Francis shaded his eyes, fanned with wrinkles, against the harsh sunlight. “Going to be the best crop yet, Amaris.”
“If the rains ever come.” Robert was getting restless and heavy, and she shifted him to her other hip. “Don’t forget Robert’s birthday party. The Tremaynes will be here this evening.”
She looked forward to seeing Celeste and Sin, who would stay the weekend. Celeste adored Robert. When Amaris watched her hug and talk to the three-year-old, her heart went out in sympathy to her friend. Celeste yearned so for a child but apparently had resigned herself to remaining childless.
How was Sin dealing with a wife who risked her life each time she made love? Amaris’s imagination was fertile. She visualized Sin and Celeste in bed, their limbs entangled in the throes of lovemaking.
Did he withdraw before spilling his essence into her? Or perhaps he didn’t even take that risk. Perhaps he sought out the arms of another woman for release, taking to bed one of the aborigine women as Francis had done.
Or, worse, maybe he found solace in the arms of a white woman in Sydney on those journeys on behalf of the syndication of local stations.
Jealousy, hot, explosive, and blinding, roared through her. She pivoted away from Francis before she could betray her volatile fury and stalked back to the house. Her anticipation of the Tremaynes’ visit was dampened.
As she prepared the birthday dinner, Francis sat playing with Robert. A small replica of Francis, the toddler was blessed with a riot of blond curls and large beautiful brown eyes.

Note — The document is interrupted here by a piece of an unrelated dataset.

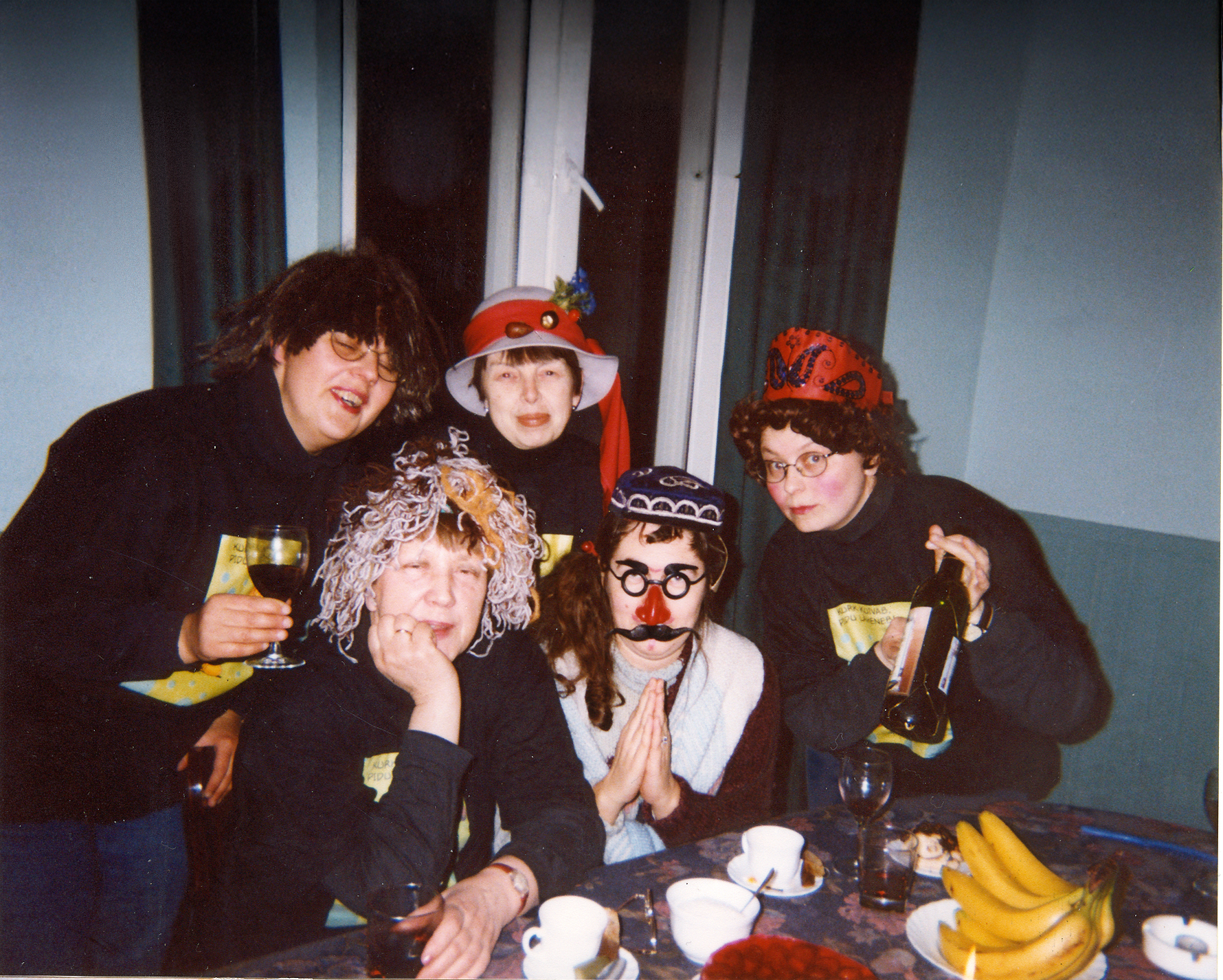 Rõõmsal meelel! Puhta suuga! Oli kord Eesti Raadio kultuuritoimetus — parim kooslus mu toimetajateel. Vasakult: Maris Johannes, Mari Tuulik, Mari Tarand, Pille-Riin Purje, Külli Tüli, 1999.

At the moment, Rogue was tugging on one of his stockings, and the toddler was laughing. His chubby cheeks were a cherubic pink. He was so precious to her. She missed that first year and a half that she had nursed him. Sin had been the first to put her son to her breast.
Sensing her deflated mood, Francis tried to engage her in light conversation. She had to admit he had been penitent and sensitive to her needs ever since the incident with Ryku. “There is talk that the major is pushing Sin to run for a territorial seat.”
“I doubt Sin wants to get involved in politics. His law student days cured him of battling for the masses.”